On Saturday the weather was not very good with over cast skies and some light rain but by Sunday the weather cleared, and the flight line was packed with over 80,000 spectators, total ticket sales for the weekend (120,000 approx (LBC radio)).
A display of aircraft varying from a beautifully restored 1909 Bleriot to a Eurofighter Typhoon and various civilian aircraft took to the skies.
The airial proceedings kicked off with a visit from the RAF parachute team.
(I shall multi post to keep images reasonable)


----------



## trackend (Jun 9, 2008)

this lynx not onlly looped but did back flips wish I'd had a video


----------



## <simon> (Aug 3, 2008)

Wow! Does that have those fancy tilt-rotors?

Sounds great, would've loved to go should i not live on the other side of the world!


----------



## Heinz (Aug 6, 2008)

Great shots Trackend!


----------



## DBII (Aug 9, 2008)

Any more photos?

DBII


----------



## evangilder (Aug 9, 2008)

Hey, I misses this thread before. Nice stuff, Lee.  More please...


----------



## trackend (Aug 10, 2008)

I have a few more Eric. Oh by the by I forgot to reply about the D200 at Duxford FL they were taken using it and the bigma but I cocked up the iso and most were taken at iso 800 so they came out rather grainy silly mistake really but its a complicated camera to get used to in 2 weeks.


----------



## Wayne Little (Aug 10, 2008)

8)  Nice Track!!


----------



## Gnomey (Aug 10, 2008)

Good stuff Lee!


----------



## wilbur1 (Aug 10, 2008)

Great pics track


----------



## evangilder (Aug 10, 2008)

Nice!


----------



## Micdrow (Aug 12, 2008)

Great stuff Lee


----------



## DBII (Aug 12, 2008)

Love the Long Bow and explosions are always hot.
DBII


----------



## trackend (Aug 12, 2008)

ta fellas


----------



## evangilder (Aug 12, 2008)

Those are some nice shots.
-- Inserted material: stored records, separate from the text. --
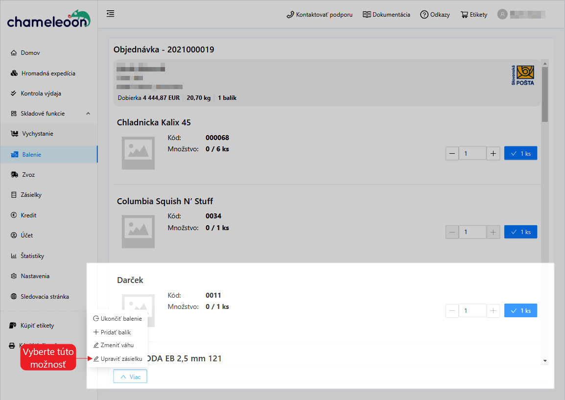 Ak potrebujete zmeniť niektorý z údajov v objednávke, môžete tak urobiť kliknutím na tlačidlo viac v dolnej časti zoznamu produktov na zabalenie.Po kliknutí na tlačidlo upraviť zásielku budete presmerovaný na formulár týkajúci sa danej objednávky.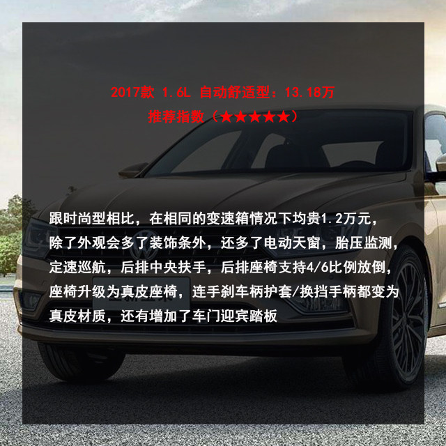 这两款搭载涡轮增加发动机的推荐车型,咱们就不一一细说了,相同版本下的配置是一样的,价格方面,1.6L车型跟1.4T车型在相同版本下的差价都是一万块钱,基本符合目前市场上的差价,至于选择谁,那就好说了,想要动力高点的就选择带T的,对动力要求不高那就选择自吸车好了,毕竟自吸车的发动机寿命相比涡轮机来说会高点。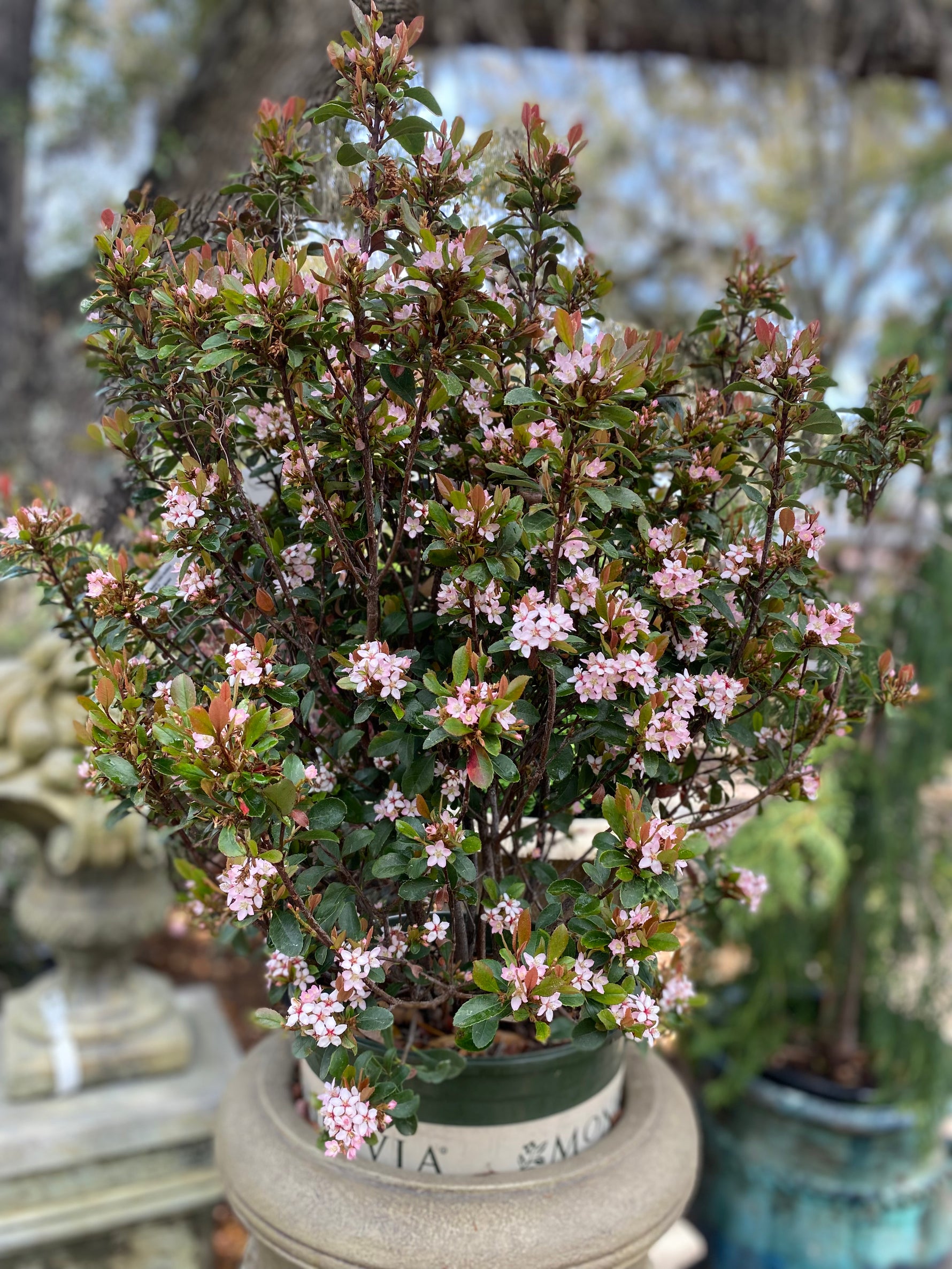 Eleanor Indian Hawthorne is a compact evergreen shrub prized for its soft pink, star shaped blooms in early spring and deep green, glossy foliage year round. It's one of the most popular and reliable Indian Hawthornes, offering long-lasting color and a tidy, low growing shape.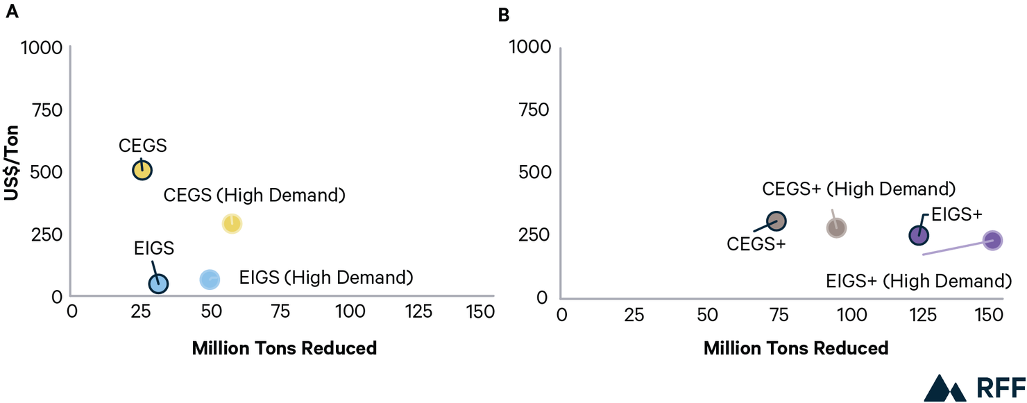 These three types of policies would achieve different emissions reductions at different costs (Figure 1). The scenarios illustrated here include a companion regulation that would apply the same standard to both within-state electricity generation and within-state electricity consumption. The change in emissions at the national level could be greater or less than the change within Maryland, due to electricity transmission across state borders and changes to investment in clean energy going forward. Figure 1A, which shows the scenario of expected electricity demand, indicates that an emissions intensity standard in Maryland (labeled “EIGS” because this version includes a companion regulation on generation as described above) would reduce national carbon dioxide emissions by about 30 million tons at an average cost of $48 per ton. An emissions intensity standard also would generate revenues through alternative compliance fees, equal to over 5 percent of retail electricity sales. The accumulation of these revenues would provide an opportunity to compensate consumers or make additional energy investments. Under high future electricity demand, an emissions intensity standard would reduce emissions by about 50 million tons of carbon dioxide.
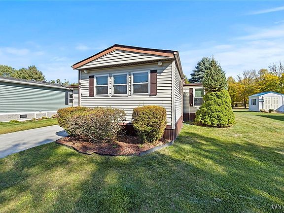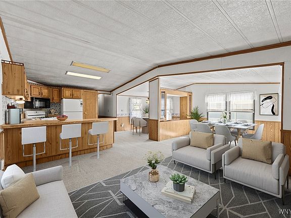Step inside this bright and inviting home featuring cathedral ceilings and an open floor plan that seamlessly connects the spacious kitchen to the living room—perfect for comfortable everyday living or entertaining. The primary suite offers a private retreat with a soaking tub in the full bath, while the second bedroom features built-in shelving and its own private bathroom, ideal for guests or a home office. Enjoy the added convenience of an attached 1-car garage, concrete driveway, storage shed, and a concrete patio behind the garage—a great spot for outdoor relaxation. This move-in ready home blends space, function, and style in every detail. Sq ft is 993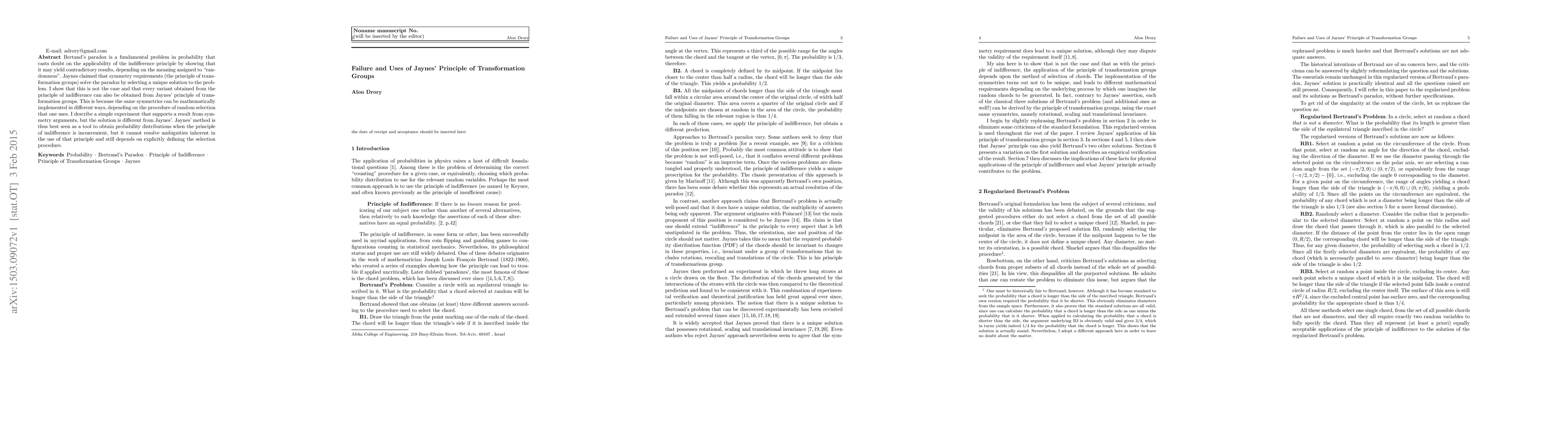 This paper argues that Jaynes' principle of transformation groups fails to resolve Bertrand's paradox and cannot uniquely determine probability distributions, as it can yield the same results as the principle of indifference. The author concludes that Jaynes' method is useful but does not eliminate ambiguities inherent in the principle of indifference.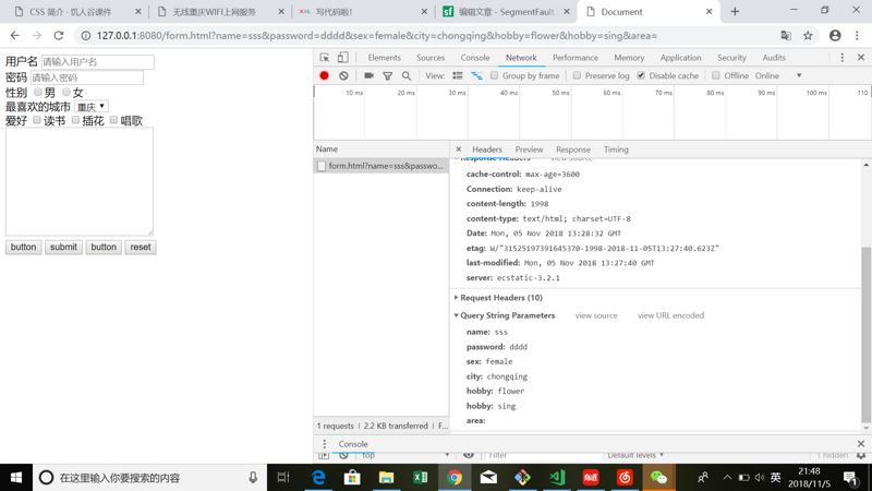 <!DOCTYPE html><html lang="en"><head> <meta charset="UTF-8"> <meta name="viewport" content="width=device-width, initial-scale=1.0"> <meta http-equiv="X-UA-Compatible" content="ie=edge"> <title>Document</title></head><body><form action="/form.html" method="GET"> <!-- action: 表單提交的地址 --> <!-- method:提交保單的方法 --><div class="name"> <label for="name">用戶名</label> <input type="text" name="name" id="name" placeholder="請輸入用戶名"> <!-- placeholder是透明的提示文字 --></div><div class="password"> <label for="password">密碼</label> <input type="password" name="password" id="password" placeholder="請輸入密碼"></div><div class="sex"> <label for="sex">性別</label> <input type="radio" name="sex" value="male">男 <input type="radio" name="sex" value="female">女</div><div class="city"> <label for="city">最喜歡的城市</label> <select name="city" id="city"> <option value="beijing">北京</option> <option value="shanghai">上海</option> <option value="chongqing" selected >重慶</option> <!-- selected 表示被選中在頁面展示的選項 --> </select></div><div class="hobby"> <label for="hobby">愛好</label> <input type="checkbox" name="hobby" value="read">讀書 <input type="checkbox" name="hobby" value="flower">插花 <input type="checkbox" name="hobby" value="sing">唱歌 <!-- 所有選項name要一樣 --></div><div class="area"> <textarea id="area" name="area" cols="30" rows="10"></textarea></div><button>button</button><!-- 可以提交表單 --><input type="submit" value="submit"> <!-- 可以提交表單 --><input type="button" value="button"><!-- 不可以提交表單 --><input type="reset" value="reset"><!-- 對表單里面已經輸入的內容做重置 --></form></body></html>

The Mustang Spitfire formation is really cool, and unusual (at least on this side of the pond).


----------



## Gnomey (Aug 13, 2008)

Great stuff Lee, as Eric said the Mustang/Spitfire formation is cool and certainly not something I have seen (at Leuchars), would be nice to see them do it more often.


----------



## ccheese (Aug 13, 2008)

Good post, Lee, thanks for sharing the pic's....

Charles


----------